▶ What is expected:
In the entries that follow, repeat exactly the lines from the one that has "Advanced patho mid" through the one that has "ウェブ上での集客策については", but omit pictures.

*** Opening Data listing ***

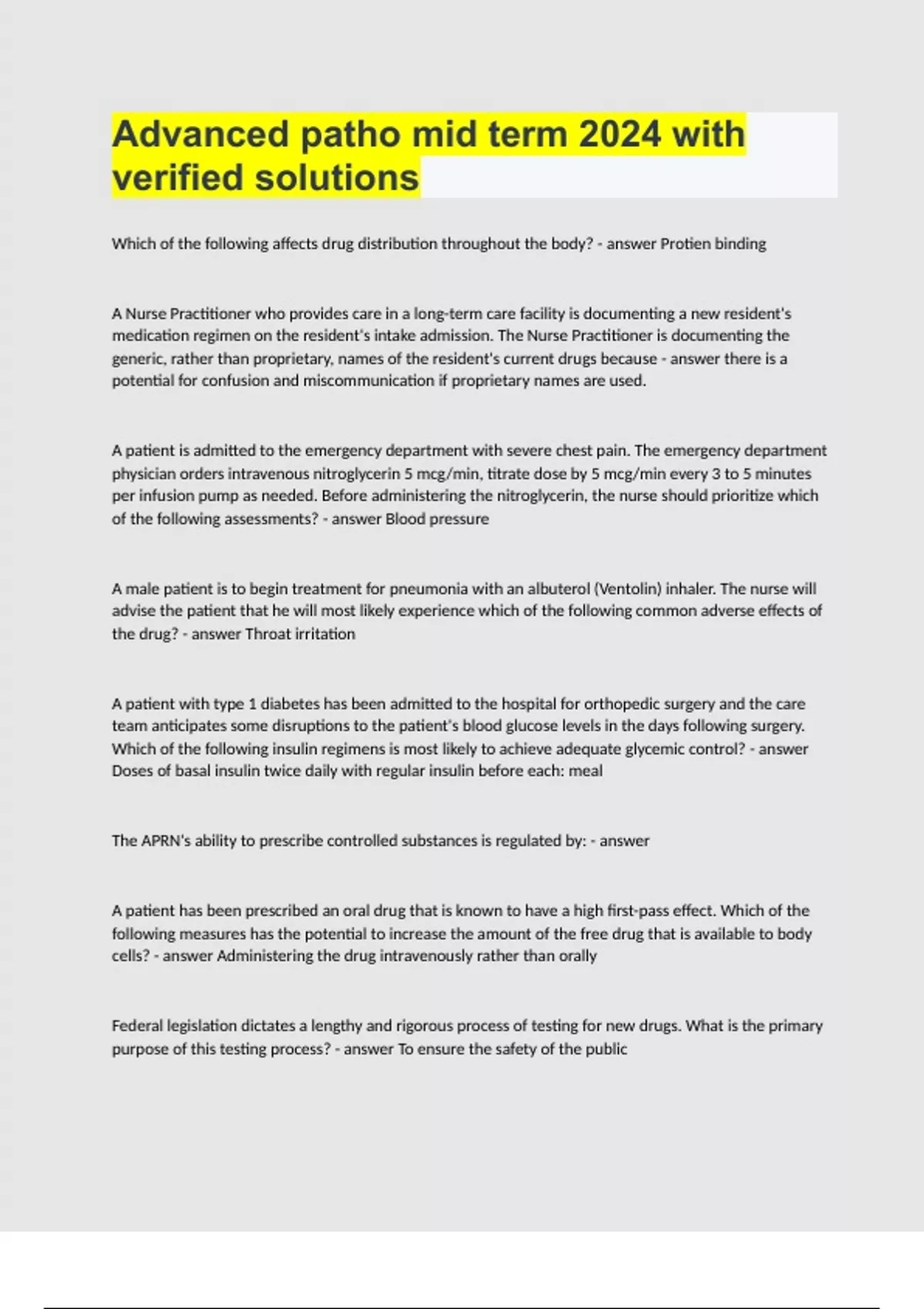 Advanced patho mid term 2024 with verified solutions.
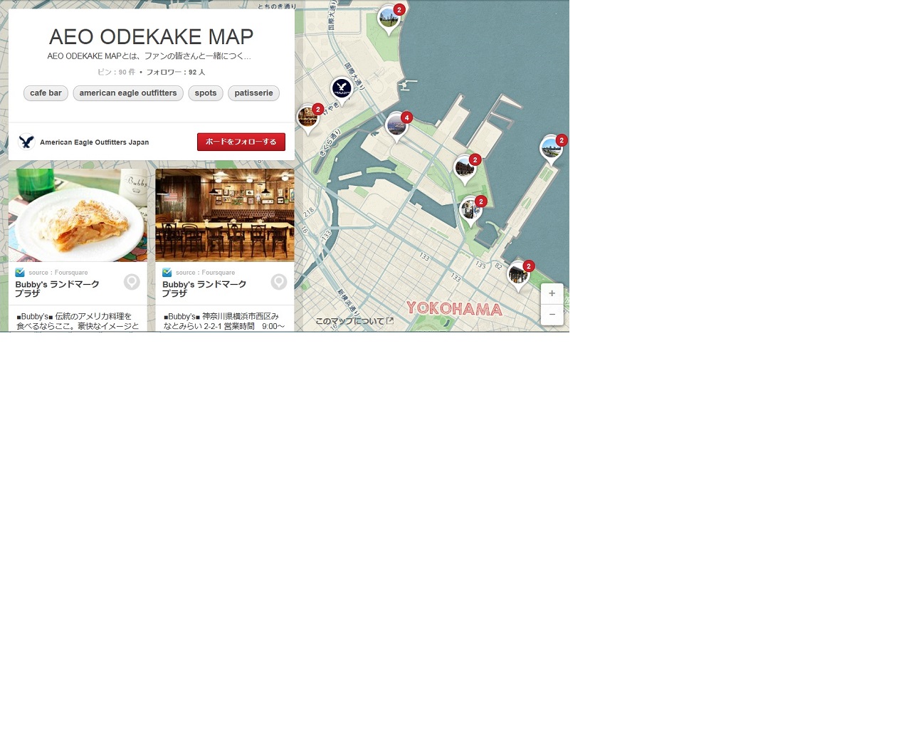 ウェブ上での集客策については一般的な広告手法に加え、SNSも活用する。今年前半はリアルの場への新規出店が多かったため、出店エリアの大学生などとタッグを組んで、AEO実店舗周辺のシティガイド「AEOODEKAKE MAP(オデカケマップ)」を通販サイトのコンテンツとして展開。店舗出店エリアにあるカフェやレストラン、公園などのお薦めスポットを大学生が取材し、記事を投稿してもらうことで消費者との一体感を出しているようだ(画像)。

*** Closing Data listing ***
*** Opening Data listing ***

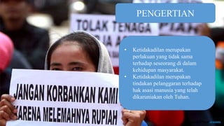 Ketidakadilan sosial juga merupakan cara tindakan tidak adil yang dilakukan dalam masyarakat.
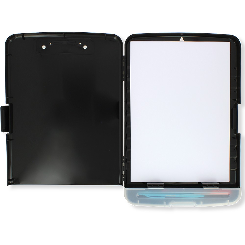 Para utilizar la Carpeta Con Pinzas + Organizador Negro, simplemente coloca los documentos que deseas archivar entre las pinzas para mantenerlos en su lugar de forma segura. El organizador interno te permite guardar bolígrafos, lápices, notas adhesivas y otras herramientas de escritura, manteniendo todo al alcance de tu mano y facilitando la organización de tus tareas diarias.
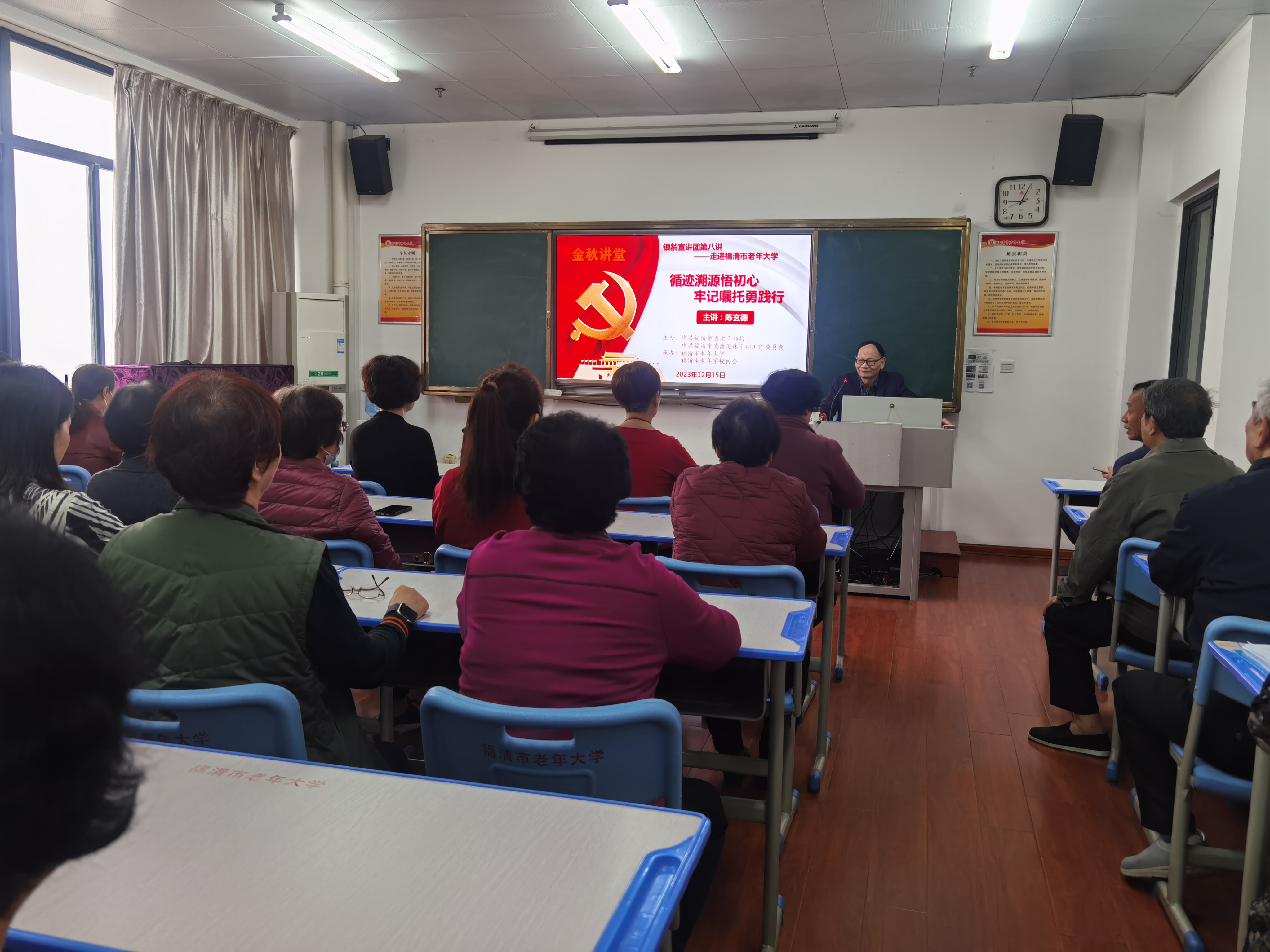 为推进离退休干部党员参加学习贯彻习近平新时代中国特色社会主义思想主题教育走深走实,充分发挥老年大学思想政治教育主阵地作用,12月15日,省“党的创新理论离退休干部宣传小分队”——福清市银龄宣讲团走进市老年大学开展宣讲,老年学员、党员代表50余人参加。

*** Closing Data listing ***
*** Opening Data listing ***

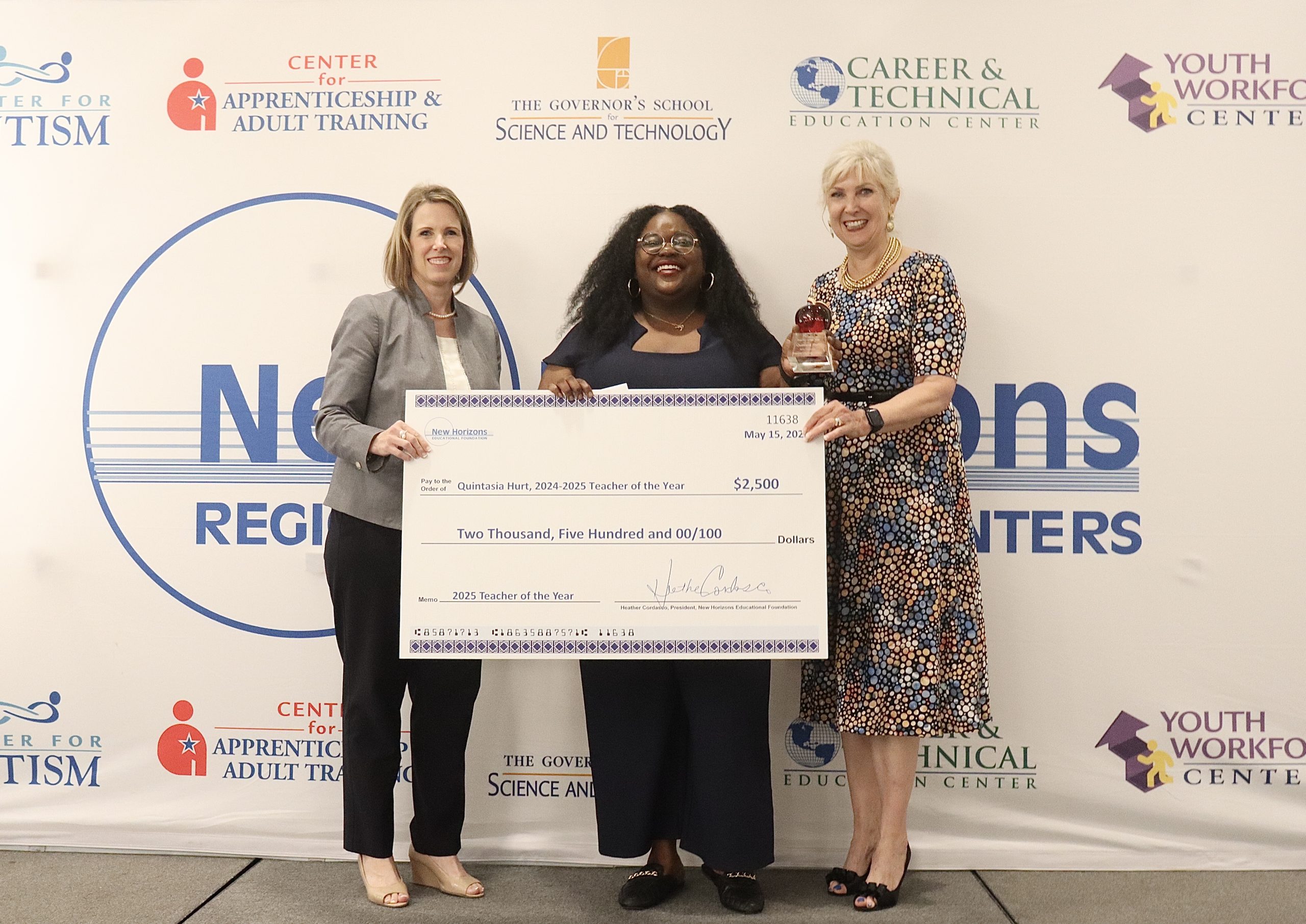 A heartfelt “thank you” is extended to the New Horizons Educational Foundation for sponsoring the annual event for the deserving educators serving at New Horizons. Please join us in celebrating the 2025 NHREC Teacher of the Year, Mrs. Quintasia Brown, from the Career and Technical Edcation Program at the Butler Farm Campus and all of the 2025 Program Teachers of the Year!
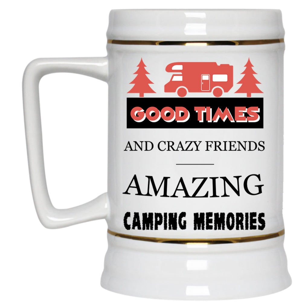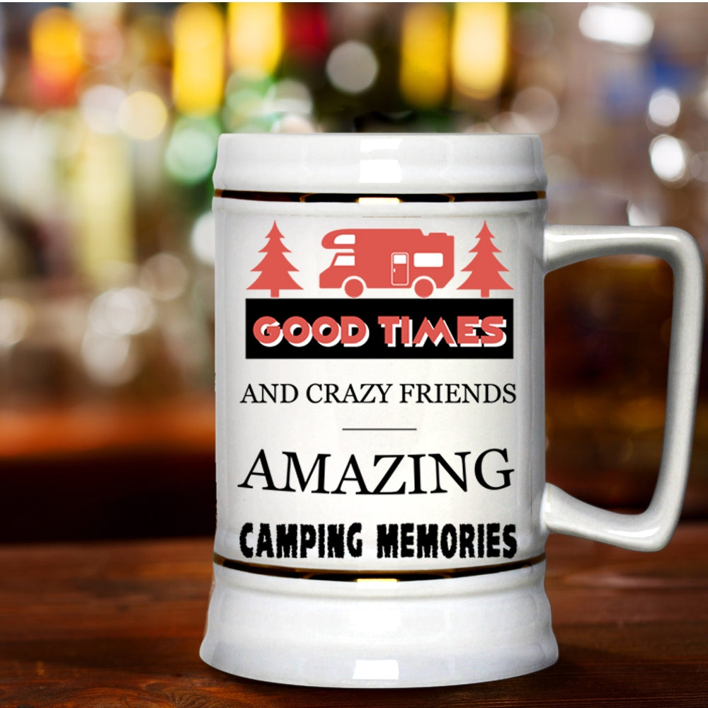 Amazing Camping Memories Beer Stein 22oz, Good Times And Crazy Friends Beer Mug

*** Closing Data listing ***

▶ Response below:
 Advanced patho mid term 2024 with verified solutions.
 ウェブ上での集客策については一般的な広告手法に加え、SNSも活用する。今年前半はリアルの場への新規出店が多かったため、出店エリアの大学生などとタッグを組んで、AEO実店舗周辺のシティガイド「AEOODEKAKE MAP(オデカケマップ)」を通販サイトのコンテンツとして展開。店舗出店エリアにあるカフェやレストラン、公園などのお薦めスポットを大学生が取材し、記事を投稿してもらうことで消費者との一体感を出しているようだ(画像)。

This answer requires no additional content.